Helm for Container Deployments

Using Helm to execute deployments as an Action.

Helm is called to replace the Ortelius default processing engine for performing container deployments. When Ortelius executes the release process, it will call the Helm Chart you have defined as your Custom Action at the Component level. Ortelius includes the version of the Helm chart as part of its overall configuration data.

Helm and Key Value Pairs

In order to support a consistent Helm deployment across Cluster Endpoints and Environments (Dev, Test, Prod) Key value pair substitution is performed. When a Helm chart is used, Ortelius will pull your Helm Chart in the .tgz format from either a public or private Chart Museum. It then expands it out into a separate directory location where Helm is executed. This location is defined by the Ortelius Endpoint which you define (see “Connecting a Ortelius Endpoint to your Kubernetes Cluster through Helm” below).

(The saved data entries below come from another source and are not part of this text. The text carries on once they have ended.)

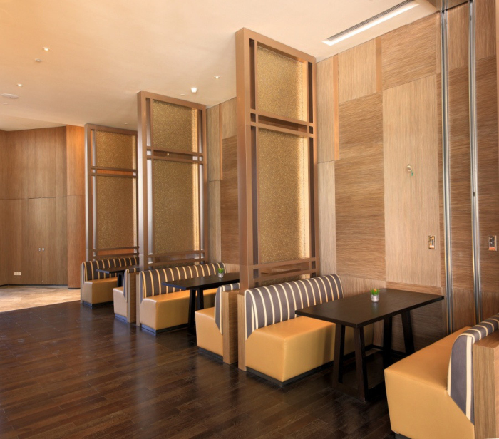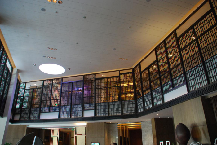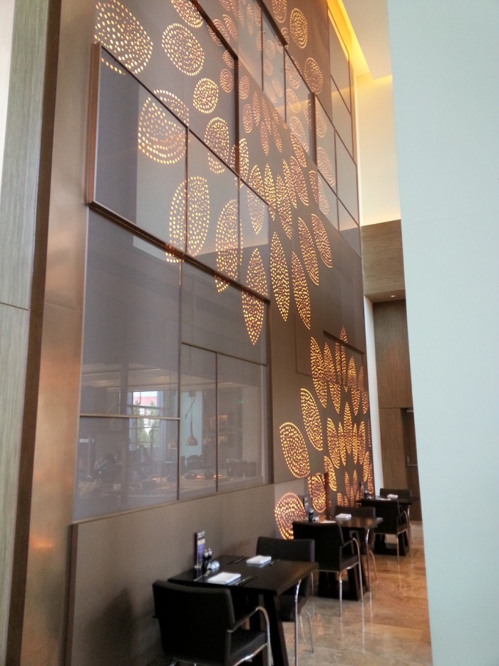 大堂咖啡厅和全日餐厅采用了金箔亚克力屏风装饰。这种屏风是在二片亚克力板中间加入大量的金箔小方片后压制而成。由于金箔小片呈无规则分布状态,故每一块屏风随着光线的变换均呈现不同的折射效果,装饰效果极佳。该种材料市面上较为少见,售价较高。
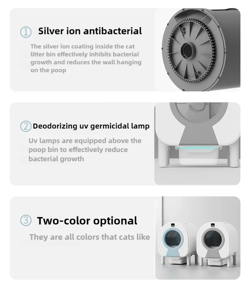 Características: (1) Detección infrarroja de entrada A través de la detección de infrarrojos, la caja de arena dejará de funcionar cuando la mascota se acerque a la máquina para evitar cualquier daño a la mascota. (2) Arena de apertura superior Limpio e higiénico, simple y conveniente. (3) estructura a presión Fácil de desmontar y lavar (4) desodorización activa de oxígeno al aire fresco Desafío 0 Olor (5) Bacteriostático de iones de plata El revestimiento de iones de plata dentro del compartimento de arena para gatos inhibe eficazmente el crecimiento bacteriano y reduce las caca que cuelgan en la pared. (6) Desodorización con lámpara de esterilización UV Hay una lámpara UV encima del almacén de conveniencia para la esterilización ultravioleta, lo que reduce eficazmente el crecimiento de bacterias.
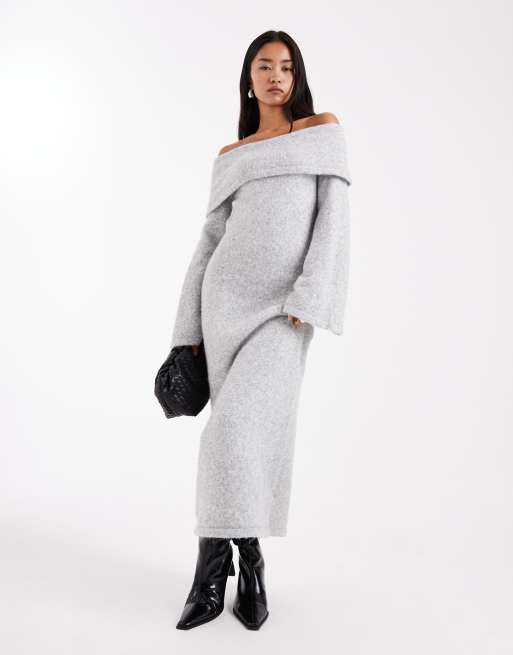 4th & Reckless - Grå sweater-maxikjole med bardot-fold og klokkeformede ærmer i uldagtig strik
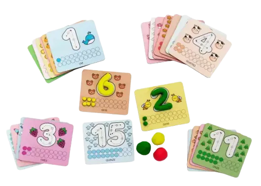 Aprender os números e suas quantidades ficou muito mais divertido com esse conjunto de plaquinhas ilustradas e massinhas coloridas para modelar / +3 Anos
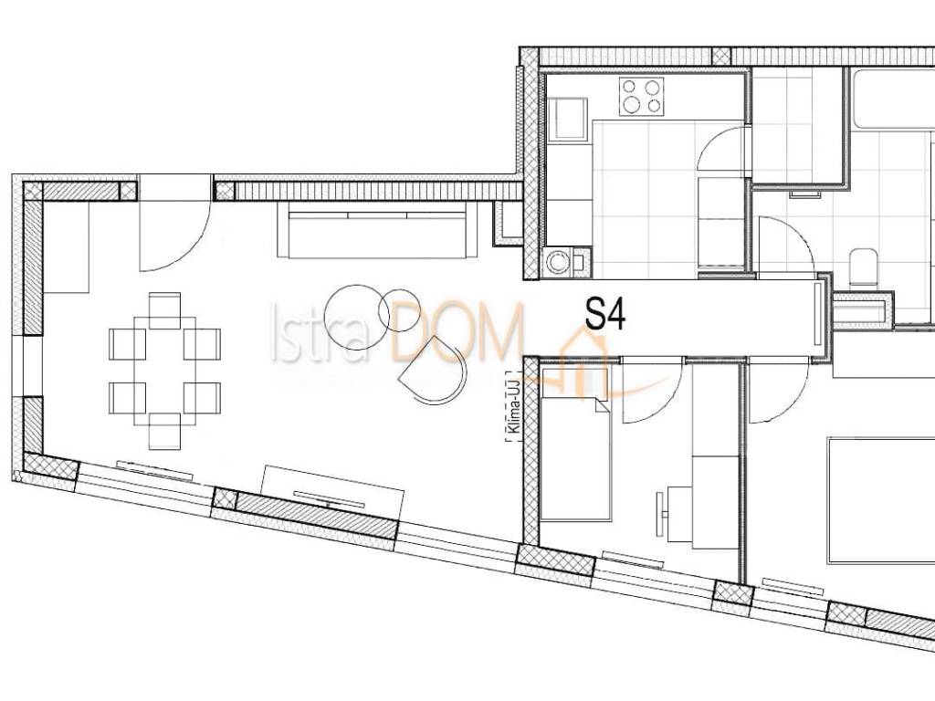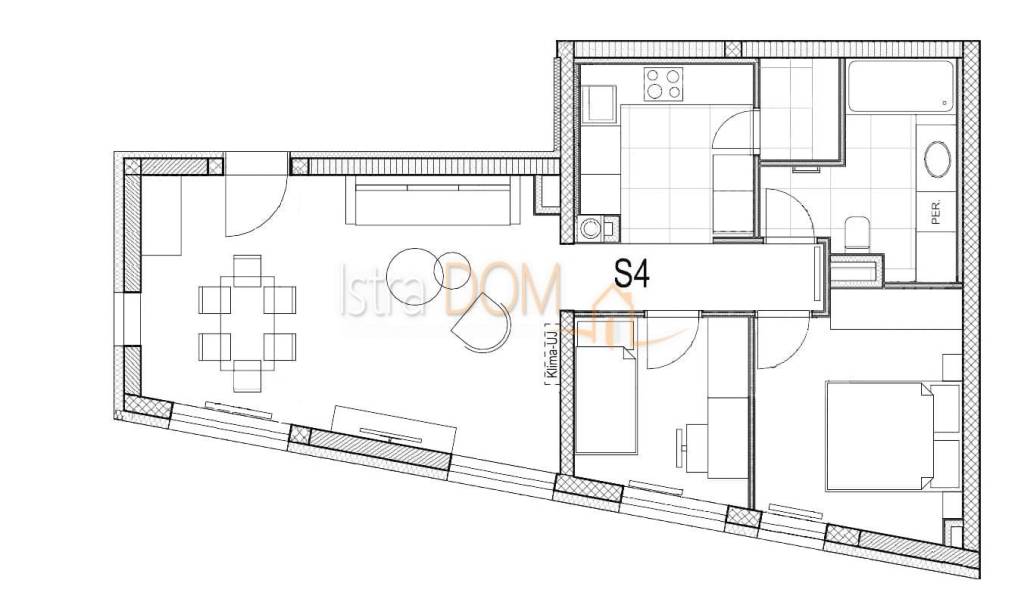 Stan se sastoji od dnevnog boravka s kuhinjom i blagovaonicom, dvije spavaće sobe, kupaonice s WC-om, izbe te hodnika.
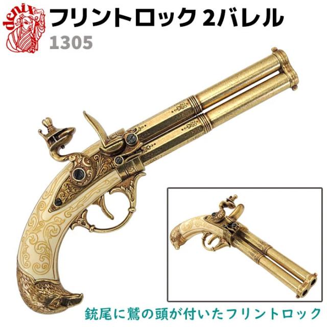 DENIX デニックス 1305 フリントロック 2バレル ゴールド 30cm レプリカ 銃 フリントロックピストル ミリタリー アーミー コスプレ 小物 模造 ピストル 拳銃 ポイント消化
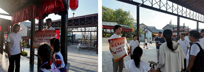 從鐵道游擊隊(duì)紀(jì)念館離開后,服務(wù)隊(duì)深刻感受到了鐵道游擊隊(duì)的精神內(nèi)涵,自發(fā)組織起一場鐵道游擊隊(duì)精神宣講,為來往的路人講解鐵道游擊隊(duì)精神。從他們?nèi)绾卧谄D苦的條件下,憑借著機(jī)智和勇敢,在鐵道線上與敵人展開殊死搏斗,到他們?nèi)绾吻擅畹乩玫匦魏蛿橙说娜觞c(diǎn),一次次地截獲敵人的物資,為抗日根據(jù)地提供有力的支持。路人聽得全神貫注,被鐵道游擊隊(duì)“赤誠報國、不怕犧牲、機(jī)智靈活、勇于亮劍”的精神深深打動。
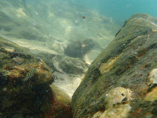 海底小鱼极多,非常漂亮。但水比较深,拍照很难。
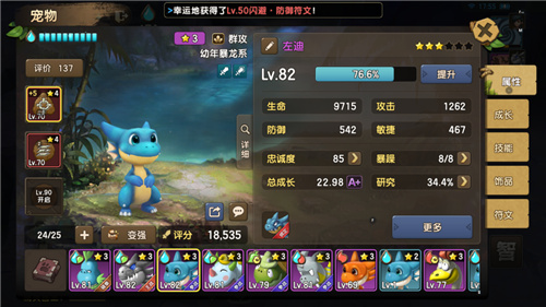 值得一提的是,当驯兽师达到65级后,可以通过单人活动的调查任务,专刷一只水属性的幼年暴龙,因为在《新石器时代》里面,水属性的摩卡左迪比小红暴摩卡更加实用,它的生存能力更强,它的必杀能对敌方随机3个目标造成攻击伤害,同时回复24%造成伤害的生命值,并有80%概率造成灼烧状态,持续3回合!能输出能回复生命值,它对比小红暴更加值得驯兽师们重点培养!
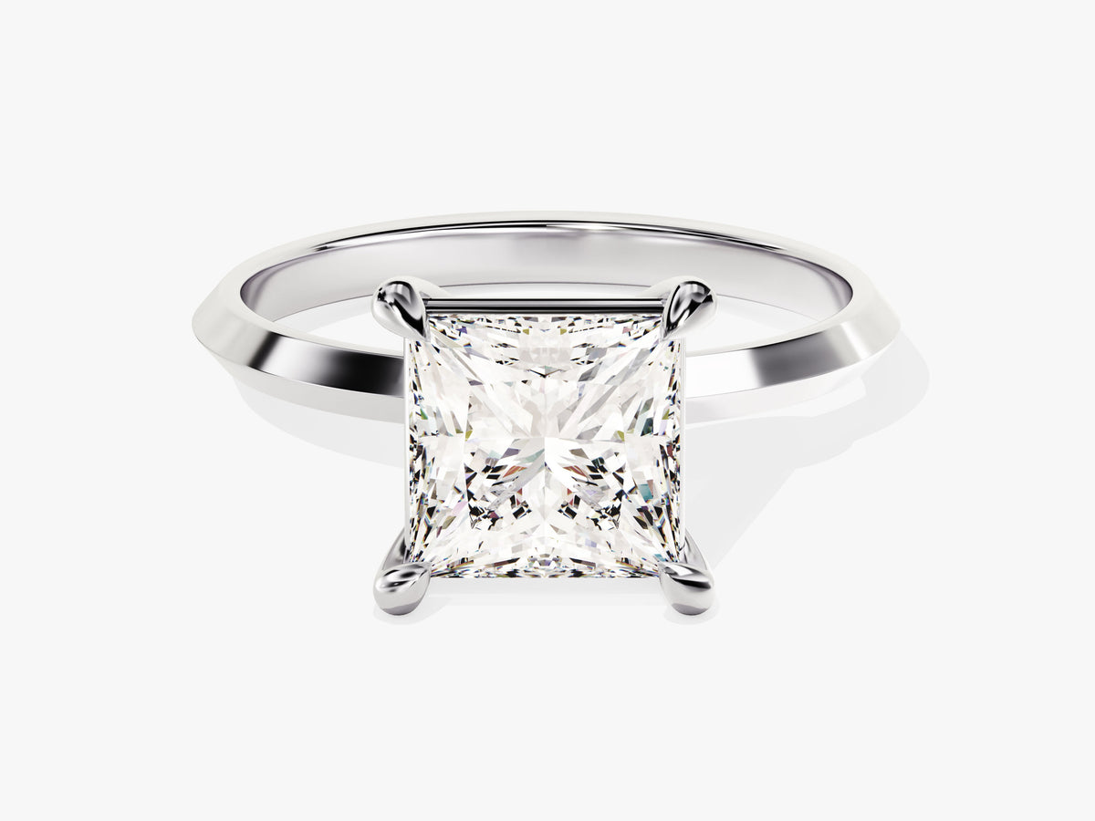 Experience the effortless chic with our Knife Edge Princess Moissanite Engagement Ring. At its heart is a captivating princess-cut moissanite known for its exquisite charm and brilliant sparkle. However, the ring's true beauty lies in its knife-edge band, a unique feature that symbolizes the distinctive nature of your commitment. The band narrows to a delicate point beneath the central moissanite, adding a touch of simplicity to the overall design.
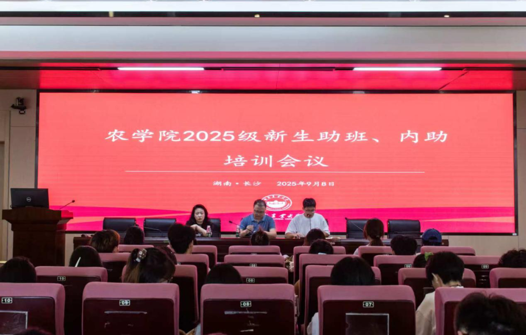 9月8日中午,农学院2025级新生助班、内助培训会议于十二教617举行。农学院党委副书记徐辉,团委书记徐淼,2025级辅导员廖滢滢以及全体新生军训负责人、助班、内助参加会议。会议由团委书记徐淼主持。

Ortelius will then create an override values file which contains all the specific key value pairs defined at the Endpoint, Environment, Component or Application in this order of precedence. For example, if the same key value pairs are defined at the Endpoints as well as the Application, the Endpoint key values are used.

The override values file passes the Key value definitions Helm ‘upgrade’ command. This process allows a single Helm chart to be reused across all deployments, supporting the needed key value pairs for each deployment.

If you would like to create a hermetic Helm Chart stored in the Ortelius database, use the following key value:

helmcapture=Y

This must be defined at any level, i.e., Endpoint, Environment, Component or Application.

Connecting a Ortelius Endpoint to your Kubernetes Cluster through Helm

Ortelius' deployment engine comes pre-installed with Helm. For this reason you should use the deployment engine as the “localhost” Endpoint for your deployments. This Helm install on the “localhost” Endpoint needs to know how to connect to your Kubernetes Cluster.

Mount your “.kube/config” file to the Ortelius deployment engine Docker container to provide the connection. The additional parameter to the docker run command for the Ortelius container exposes the Kubernetes config file to the Helm install in Ortelius. The following is an example of the additional parameter:

-v ~/.kube:/home/omreleng/.kube:Z

For more information on starting the Ortelius Container see:

Connection to a Cloud Kubernetes Cluster

In order to connect to Kubernetes cluster running on a cloud provider, an authentication between DeployHub and the cloud provider must be made. Each cloud provider has a different set of parameters used to authenticate. Once authenticated, DeployHub will execute Helm in the same across all the cloud providers enabling reuse of the Helm Charts without the need to update them.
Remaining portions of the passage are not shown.